Why does the AC signal at the base of the BJT (assuming voltage divider biasing) see Vcc as an earth? The voltage divider causes a reasonably stiff voltage at the base. The AC input signal comes along and sits on it, modulating the base bias voltage slightly up and down.

If Vcc is constant, presumably if the AC input signal goes slightly positive, the voltage at the bottom of the upper biasing resistor goes up from its quiescent value, meaning there is now less voltage across this resistor, thus reducing the current flowing through it from the Vcc rail towards the base..I cant quite see things from the AC signal's perspective...something's just not making sense in my brain!! Any help would be greatly appreciated.

Mango S

 

The AC voltage produces a change in the current passing through the resistor connected to Vcc, and also produces a change in the current in the resistor connected to ground. The changes in current produced in the two resistors by the AC voltage do not depend on the DC supply voltage. In an extreme case, you can have zero Vcc (i.e. Vcc becomes identical to ground), and the AC still produces the same current changes.

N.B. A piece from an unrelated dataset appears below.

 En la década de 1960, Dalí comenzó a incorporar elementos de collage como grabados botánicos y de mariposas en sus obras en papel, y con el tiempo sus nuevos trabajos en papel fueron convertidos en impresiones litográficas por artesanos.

You will really need to understand and accept this; it is a key concept.

 

The Vcc is seen as earth because it usually has a large capacitor placed across it. A large capacitor behaves like a short circuit to AC. Any signal that leaks into the Vcc rail gets shunted to ground.
The AC signal does not modulate the bias voltage up and down. It modulates the bias CURRENT up and down. The voltage across the base-emitter junction is steady (0.6v for silicon and 0.3v for germanium). A BJT is really a current to voltage amplifier.

 

The Vcc is seen as earth because it usually has a large capacitor placed across it. A large capacitor behaves like a short circuit to AC. Any signal that leaks into the Vcc rail gets shunted to ground.
The AC signal does not modulate the bias voltage up and down. It modulates the bias CURRENT up and down. The voltage across the base-emitter junction is steady (0.6v for silicon and 0.3v for germanium). A BJT is really a current to voltage amplifier.

That is not accurate. The base-emitter voltage is indeed modulated. Although the BJT can by considered to be a current-controlled device, its input characteristic is not equivalent to a perfect 0.6V voltage with zero impedance. An accepted method of small-signal analysis for a transistor regards it as being voltage-controlled, with an output conductance controlled by vbe. Please see the following link.

http://en.wikipedia.org/wiki/Hybrid-pi_model

 

If we could regard the base-emitter voltage as fixed, the AC input would produce zero voltage change across either of the bias resistors, and there would therefore be no need to consider their effect on the signal. The transistor's (zero) input impedance would completely dominate the situation.

It is only because the transistor has a finite input impedance that the loading effects of the bias resistors need to be considered.

 

The datasheet for the 2N3904 has a graph that shows its common-emitter input impedance at various collector currents when it does not have an external emitter resistor. The input impedance is no where near zero ohms.
So of course its input voltage and its input current both are varied by an input signal.

 

Thanks for your help!
It helps to see the inclusion of a power supply decoupling capacitor in the picture and how that appears as a short to the AC signal.